Contradiction in Terms
You say to-may-toe; I say toh-mah-tah. Deal with it.
Wednesday, February 04, 2004

Where have all the tagboards gone?
Probably this should count as a 'pet peeve' entry, because technology and I seem to regularly experience serious non-compatibility issues. But seriously, how rude of the tagboards to stop functioning barely a month after I convinced Vin to switch over from Floogle! Is this what I get for my consumer recommendation? Do they not realize how embarrassin' this is for me?

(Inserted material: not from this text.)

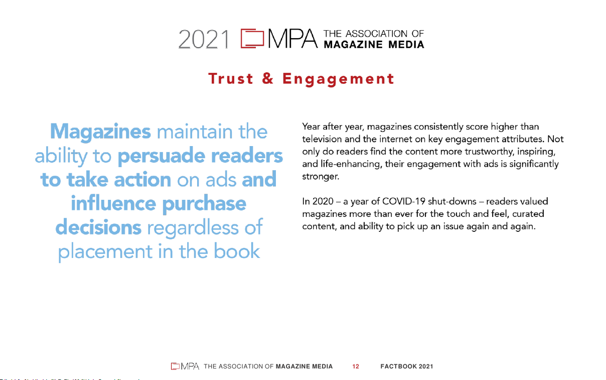 I am pleased to present the 2021 Magazine Media Factbook. For more than 25 years, MPA – The Association of Magazine
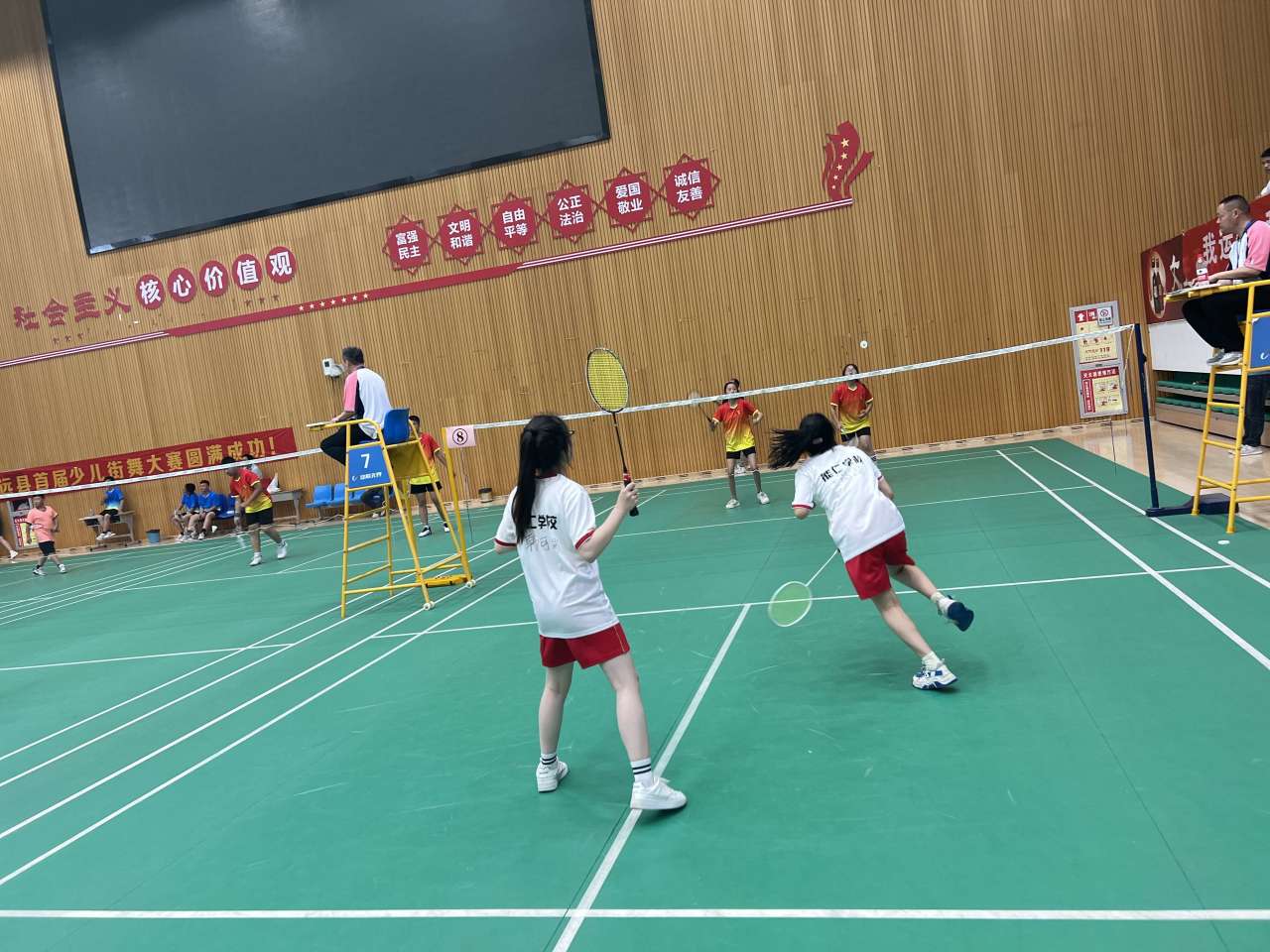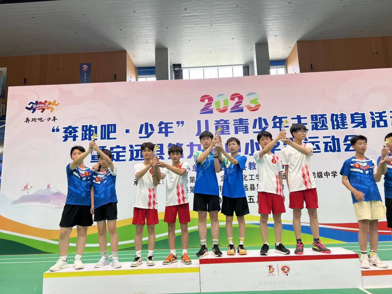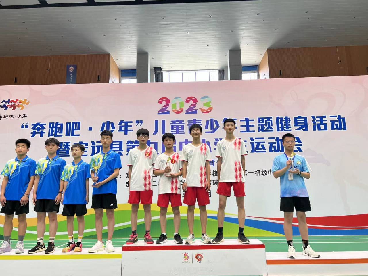 ~ 5月19日至20日,定远县“奔跑吧 少年”第九届中小学生运动会羽毛球比赛在定远体育馆举行。能仁学校派出11名优秀运动员组队参赛。

Meanwhile, I keep getting suspicious messages on my previously spam-free email account. I'm convinced these are some schmucks attempting to pass me some evil virus, which, in my book, has become a crime practically tantamount to murder (of my beloved computer!). Whoever you are, I'm warning y'all, leave my inbox alone or I will hunt you down with Marco's vanishing ray.


TRIVIA QUIZ
What's the point of daylight savings time?


answer to yesterday's question
When oil was first found in Pennsylvania in 1859, a chemist named Robert Cheesebrough noticed that a colorless film called 'rod wax' collected around the pump rods on oil wells, gumming up the works until it was removed. He noted further that oil workers would slap the gunk on any exposed injuries, where it not only stopped the bleeding, but also seemed to help cuts heal.


Abandoning his earlier dream of becoming an oil magnate, Cheesebrough raced home with some rod wax, and set to work creating a clean form of the stuff, which he called 'petroleum jelly'. He ended up making so much of the jelly that he filled up every last beaker in his lab, and, in desperation, tossed out his wife's fresh flowers in order to use her flower vases for additional storage. Thus the brand name 'Vaseline' was born.


"Rod wax". Honestly, how obvious can you get?